8e Réunion de projet : Jeudi 31/05/2012, ENS Lyon
Lieu : ENS Lyon, LIP, Amphi A, 3e étage
Accès (Enter at 46 allée d’Italie, that is to say below the big "arch" ; there is a reception desk)
Preliminary programme :
|10h30||J.-Y. Marion (Nancy). Complexity Information Flow in a Multi-threaded Imperative Language (travail avec Péchoux).|
|11h15||A. Madet (Paris). A polynomial lambda-calculus with concurrency and side effects.|
|14h||R. Péchoux. (Nancy). A Characterization of Polynomial Space with Forks (travail avec Hainry et Marion).|
|14h45||M. Perrinel (Lyon). Towards intensionally complete linear logic subsystems for polynomial and elementary time.|
|15h30||P. Baillot (Lyon). Higher-order interpretations and program complexity (travail avec Dal Lago).|
|16h45||discussion de projet|
J.-Y. Marion et R. Péchoux (Loria Nancy). Complexity Information Flow in a Multi-threaded Imperative Language.
Abstract. We propose a type system to analyze the time consumed by multi-threaded imperative programs with a shared global memory, which delineates a class of safe multi-threaded programs. We demonstrate that a safe multi-threaded program runs in polynomial time if (i) it is strongly terminating wrt a non-deterministic scheduling policy or (ii) it terminates wrt a deterministic and quiet scheduling policy. As a consequence, we also characterize the set of polynomial time functions. The type system presented is based on the fundamental notion of data tiering, which is central in implicit computational complexity. It regulates the information flow in a computation. This aspect is interesting in that the type system bears a resemblance to typed based information flow analysis and notions of non-interference. As far as we know, this is the first characterization by a type system of polynomial time multi-threaded programs.
E. Hainry, J.-Y. Marion et R. Péchoux (Loria Nancy) : A Characterization of Polynomial Space with Forks.

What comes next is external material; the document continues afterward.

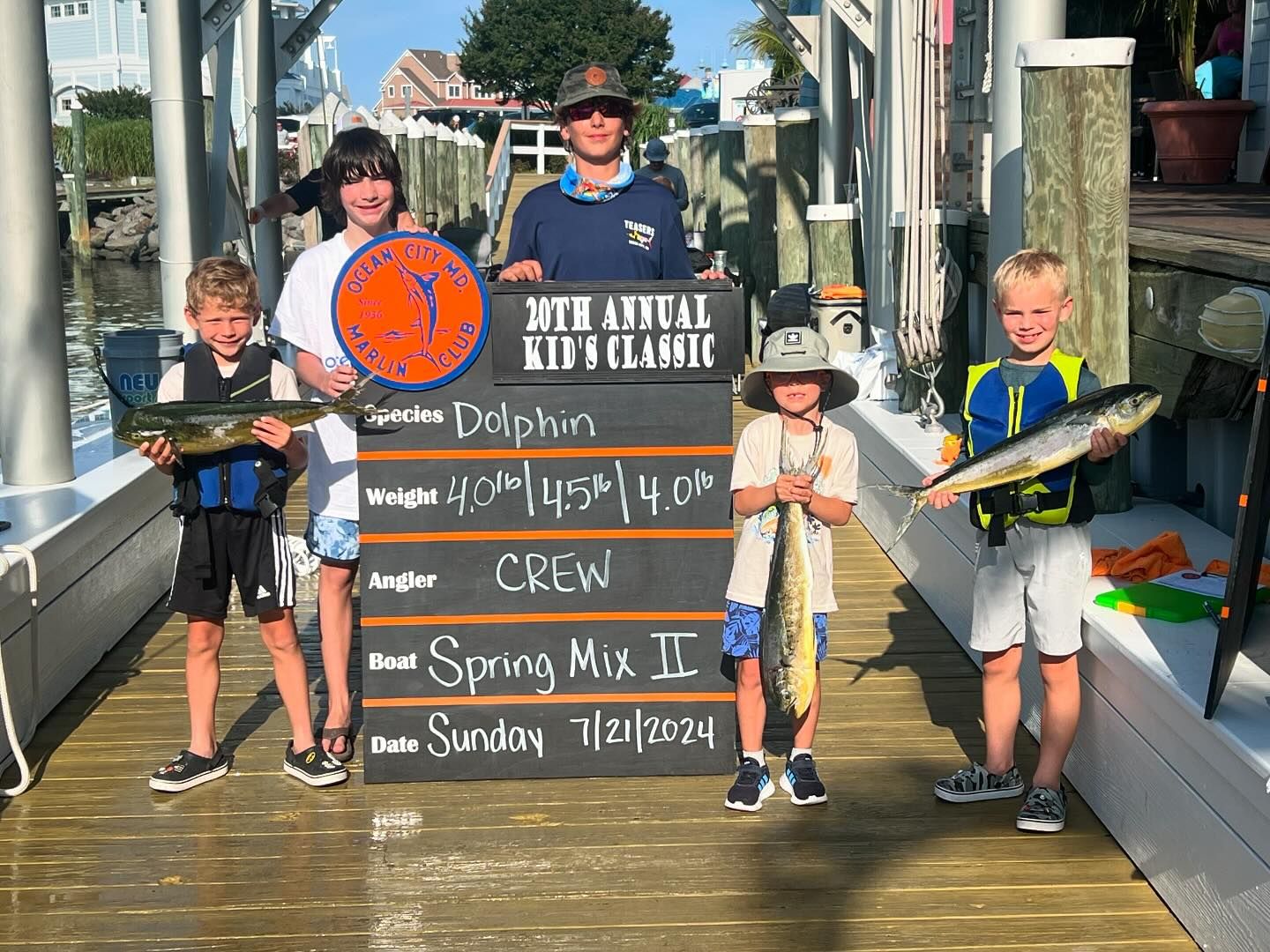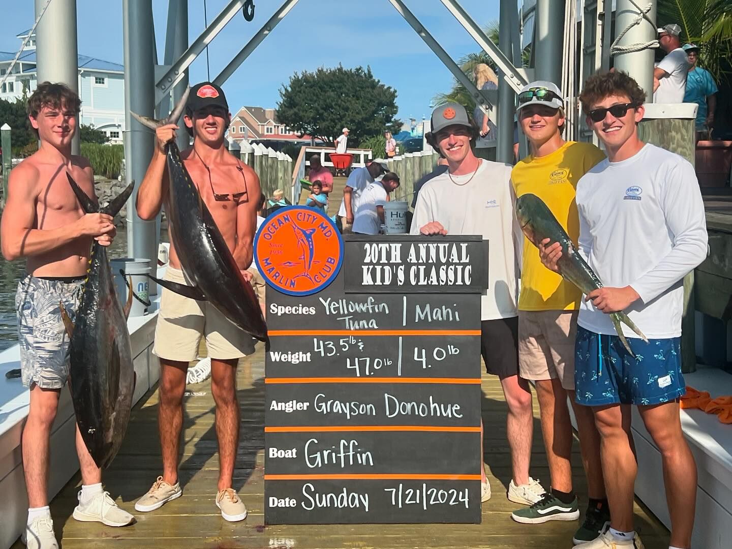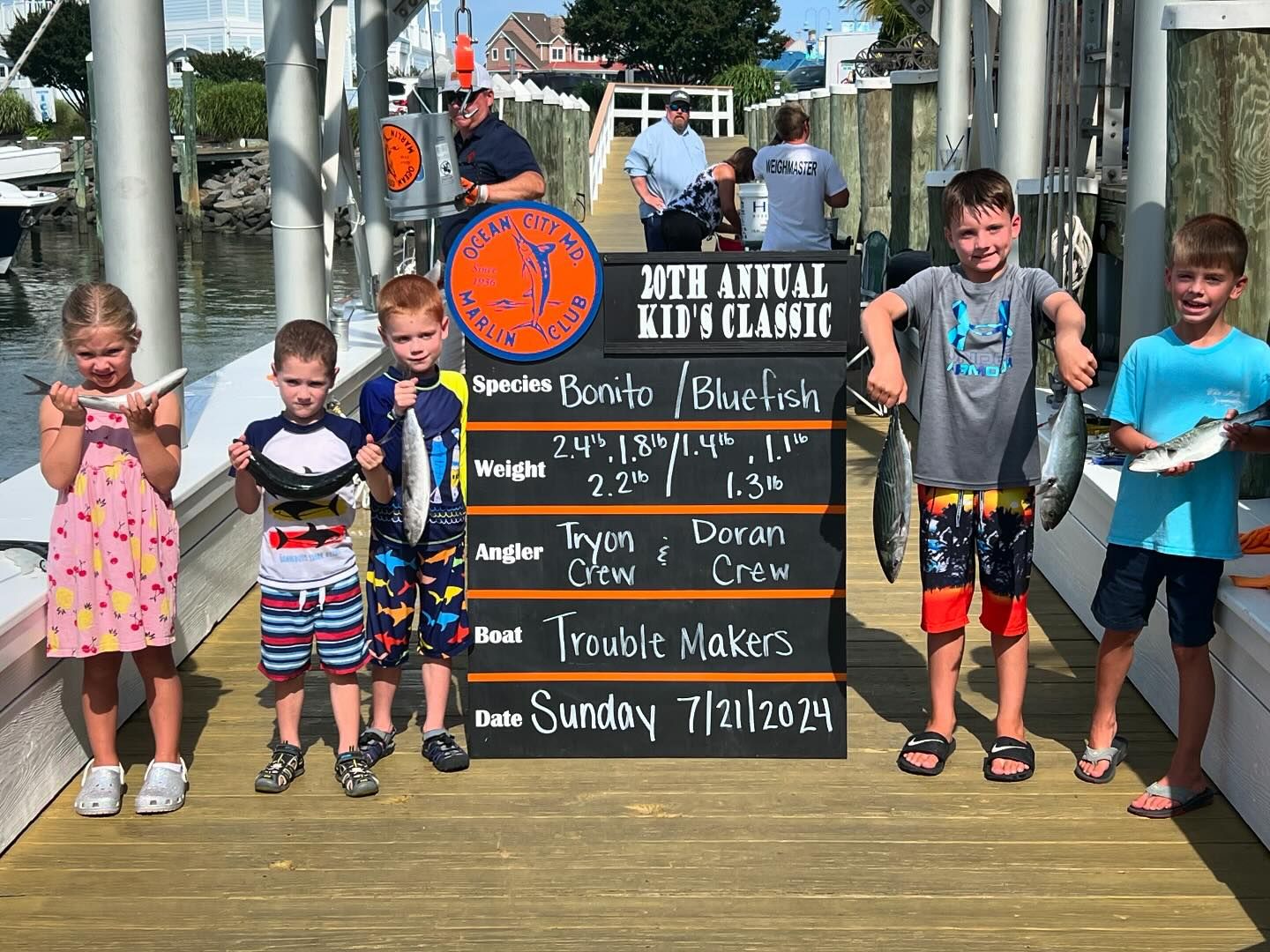 It was a nice cool, calm day today, but when the rain moved in it literally dampened the fishing scene. There was still some rod bending going on and I got results from this past weekend’s record breaking Kid’s Classic Tournament put on by the Ocean City Marlin Club.

We introduce a type system for a parallel imperative language using while-loops and fork/wait instructions in order to analyze the (parallel) time and (sequential) space complexity. The type system provides an analysis of the data-ﬂow based on a data ramiﬁcation principle and it is related to secure typed languages. The main result states that well-typed programs characterize exactly the set of functions computable in polynomial space under termination, conﬂuence and lock-freedom assumptions. More precisely, each process computes in polynomial time so that the evaluation of a process may be performed in polynomial time on a parallel model of computation.
Matthieu Perrinel (LIP Lyon). Towards intensionally complete linear logic subsystems for polynomial and elementary time
All previously studied subsystem of linear logic characterizing Ptime lacked expressive power. Although every Ptime function can be computed in those systems, they do not always accept usual algorithms. In this work we will use the context semantics of Dal Lago to approach the "expressivity frontier" : the sets of programs that could be accepted by Ptime sound "reasonable" linear logic subsystem.
Patrick Baillot (LIP Lyon) et Ugo Dal Lago (Bologne)
Polynomial interpretations and their generalizations like quasi-interpretations have been used in the setting of first-order functional languages to design criteria ensuring statically some complexity bounds on programs. This fits in the area of implicit computational complexity, which aims at giving machine-free characterizations of complexity classes. Here we extend this approach to the higher-order setting. For that we consider the notion of simply typed term rewriting systems, we define higher-order polynomial interpretations (HOPI) for them and give a criterion based on HOPIs to ensure that a program can be executed in polynomial time. In order to obtain a criterion which is flexible enough to validate some interesting programs using higher-order primitives, we introduce a notion of polynomial quasi-interpretations, coupled with a simple termination criterion based on linear types and path-like orders.